Work instruction
Reprint the lines below as they are, minus the pictures.

Collected data
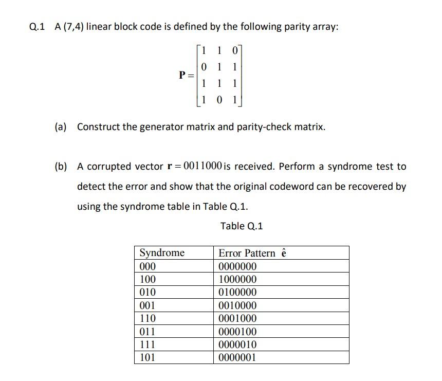 Solved Q.1 A (7,4) linear block code is defined by the
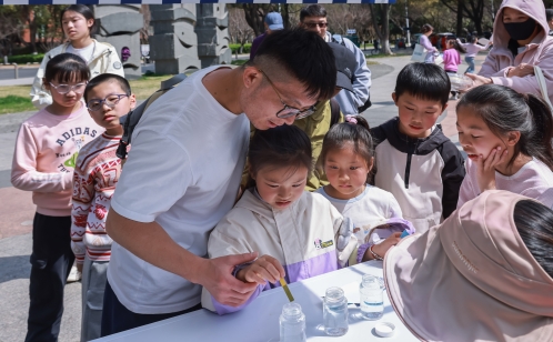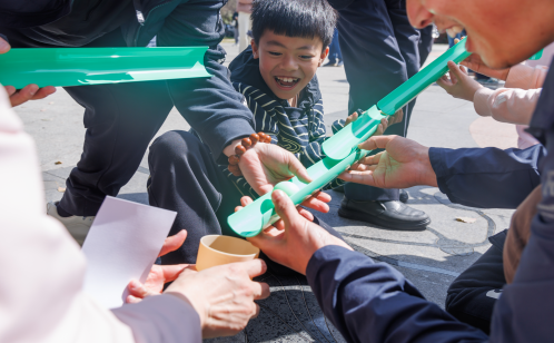 在“綱”點(diǎn)打卡處,“水系連連看”游戲吸引了眾多親子家庭踴躍參與。家長與孩子各持一段U型管,首尾相接,小心翼翼地護(hù)送藍(lán)色小球從“源頭”滾動(dòng)至“大海”。小球在管道中蜿蜒前行,時(shí)而加速、時(shí)而緩行,每一次成功抵達(dá)都引來陣陣歡呼。“這個(gè)游戲很有意思,讓孩子明白了水是怎么通過管道輸送到很遠(yuǎn)的地方。”一位家長笑著說。
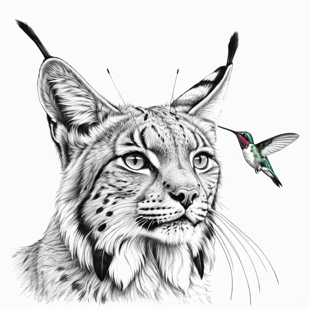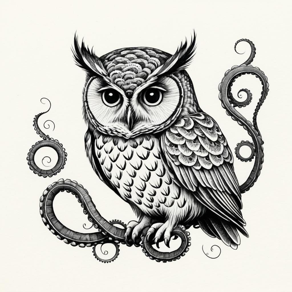 A whimsical pencil sketch of a owl with hollow tree body and fox tail, in a rustic and textured hatching lines, minimalist and playful design, white background
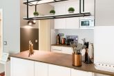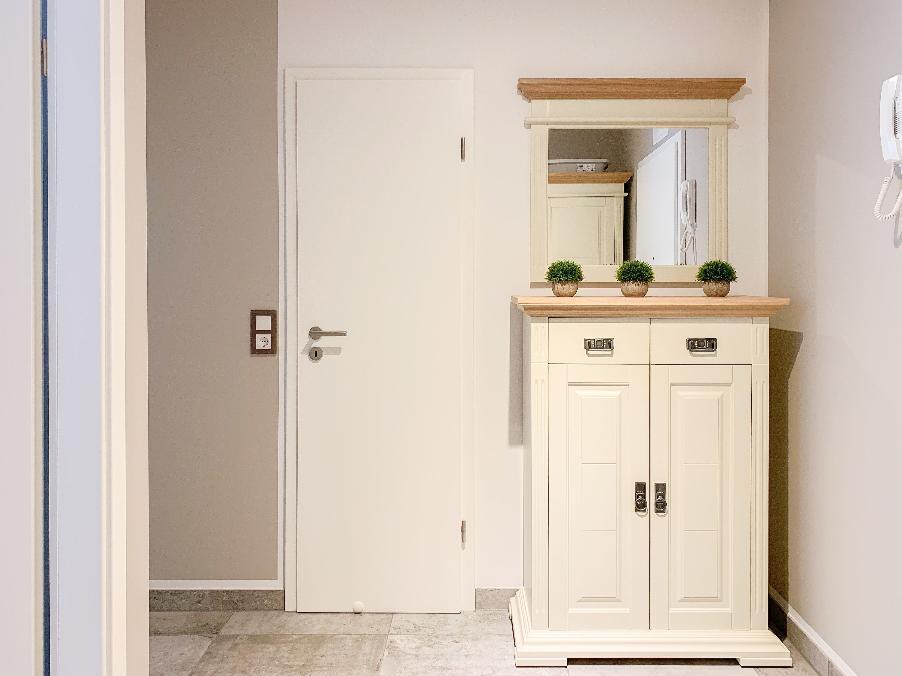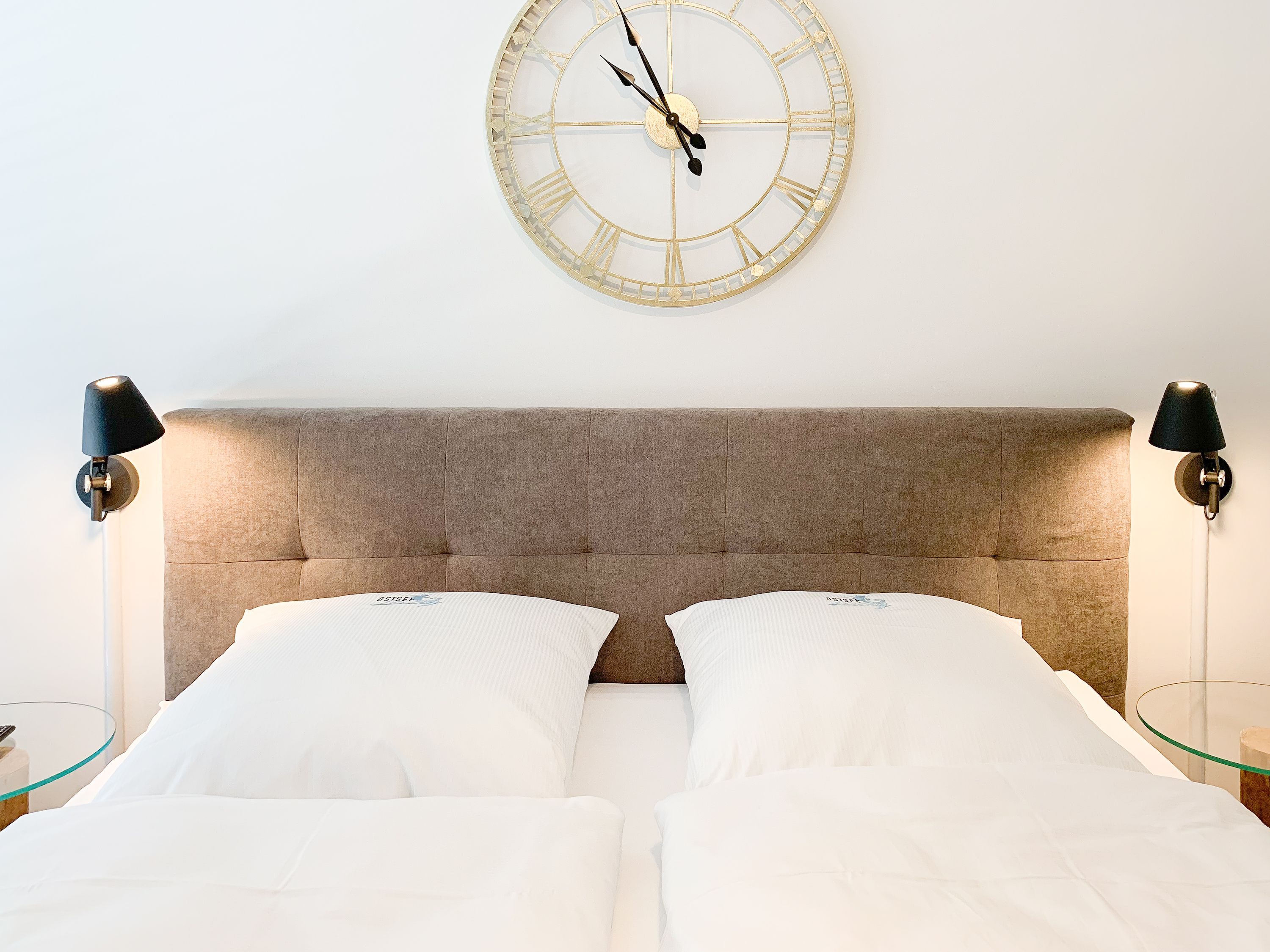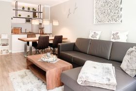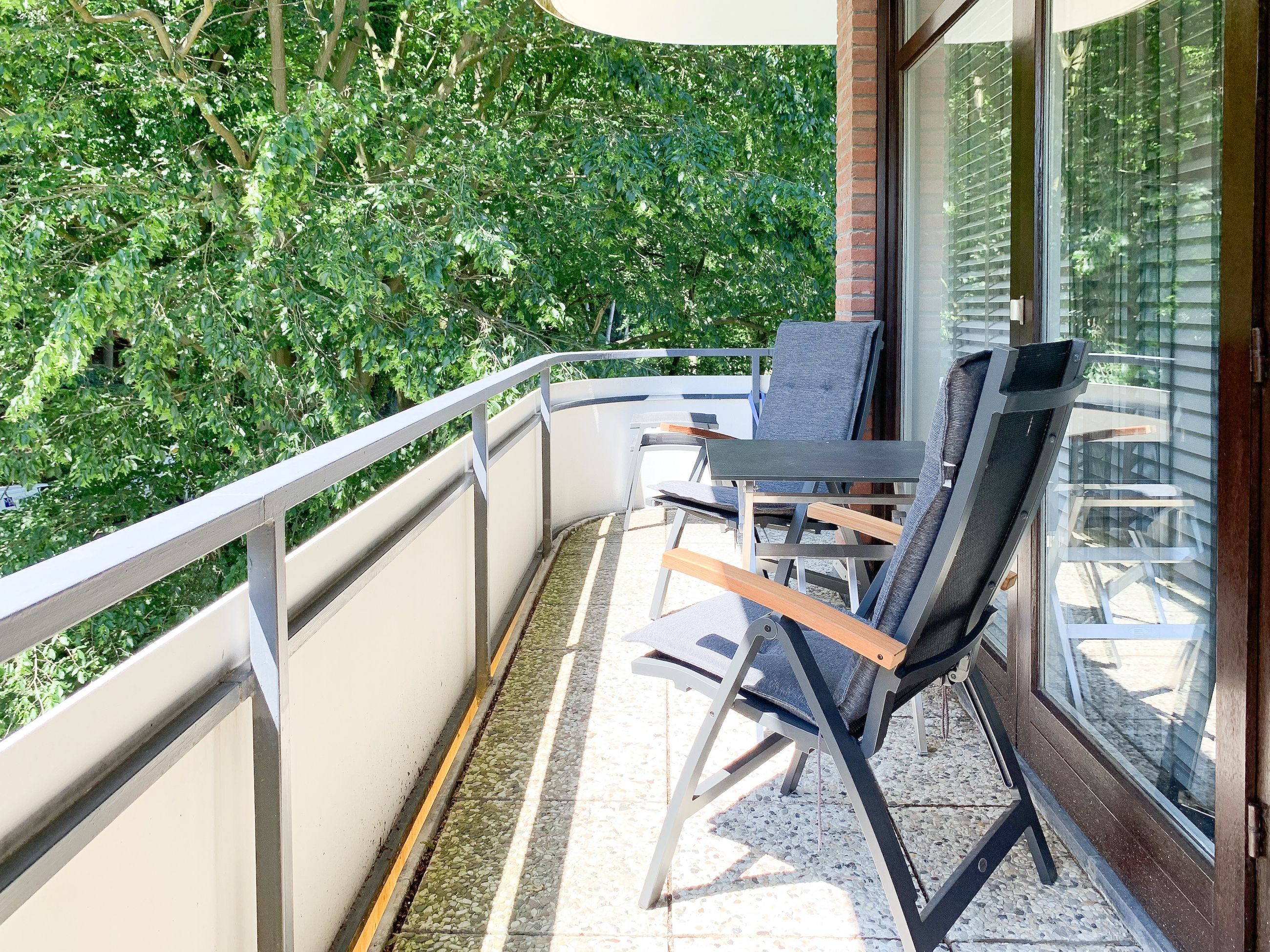 Die äußerst hochwertige Einrichtung mit Liebe zum Detail und die moderne, bestens ausgestattete Einbauküche schaffen ein zeitgemäßes Wohnambiente. Der großzügig angelegte Südbalkon erstreckt sich über die gesamte Breite der Wohnung und ist neben Gartenmöbeln und Sonnenliege auch mit einem Strandkorb ausgestattet. Ein idealer Rückzugsort zu jeder Tageszeit. Der Wohnbereich ist mit einem komfortablen Schlafsofa, WLAN und TV ausgestattet, der integrierte Essbereich bietet ausreichend Platz für 4 Personen. Das Schlafzimmer ist mit einem hochwertigen Boxspringbett (180x200), einem weiteren TV und Innenjalousien zur Abdunkelung ausgestattet. In dem modernen, neuen Duschbad mit Doppelwaschbecken und bodentiefer Dusche ist eine Waschmaschine untergebracht.

Result
 Solved Q.1 A (7,4) linear block code is defined by the
 在“綱”點(diǎn)打卡處,“水系連連看”游戲吸引了眾多親子家庭踴躍參與。家長與孩子各持一段U型管,首尾相接,小心翼翼地護(hù)送藍(lán)色小球從“源頭”滾動(dòng)至“大海”。小球在管道中蜿蜒前行,時(shí)而加速、時(shí)而緩行,每一次成功抵達(dá)都引來陣陣歡呼。“這個(gè)游戲很有意思,讓孩子明白了水是怎么通過管道輸送到很遠(yuǎn)的地方。”一位家長笑著說。
 A whimsical pencil sketch of a owl with hollow tree body and fox tail, in a rustic and textured hatching lines, minimalist and playful design, white background
 Die äußerst hochwertige Einrichtung mit Liebe zum Detail und die moderne, bestens ausgestattete Einbauküche schaffen ein zeitgemäßes Wohnambiente. Der großzügig angelegte Südbalkon erstreckt sich über die gesamte Breite der Wohnung und ist neben Gartenmöbeln und Sonnenliege auch mit einem Strandkorb ausgestattet. Ein idealer Rückzugsort zu jeder Tageszeit. Der Wohnbereich ist mit einem komfortablen Schlafsofa, WLAN und TV ausgestattet, der integrierte Essbereich bietet ausreichend Platz für 4 Personen. Das Schlafzimmer ist mit einem hochwertigen Boxspringbett (180x200), einem weiteren TV und Innenjalousien zur Abdunkelung ausgestattet. In dem modernen, neuen Duschbad mit Doppelwaschbecken und bodentiefer Dusche ist eine Waschmaschine untergebracht.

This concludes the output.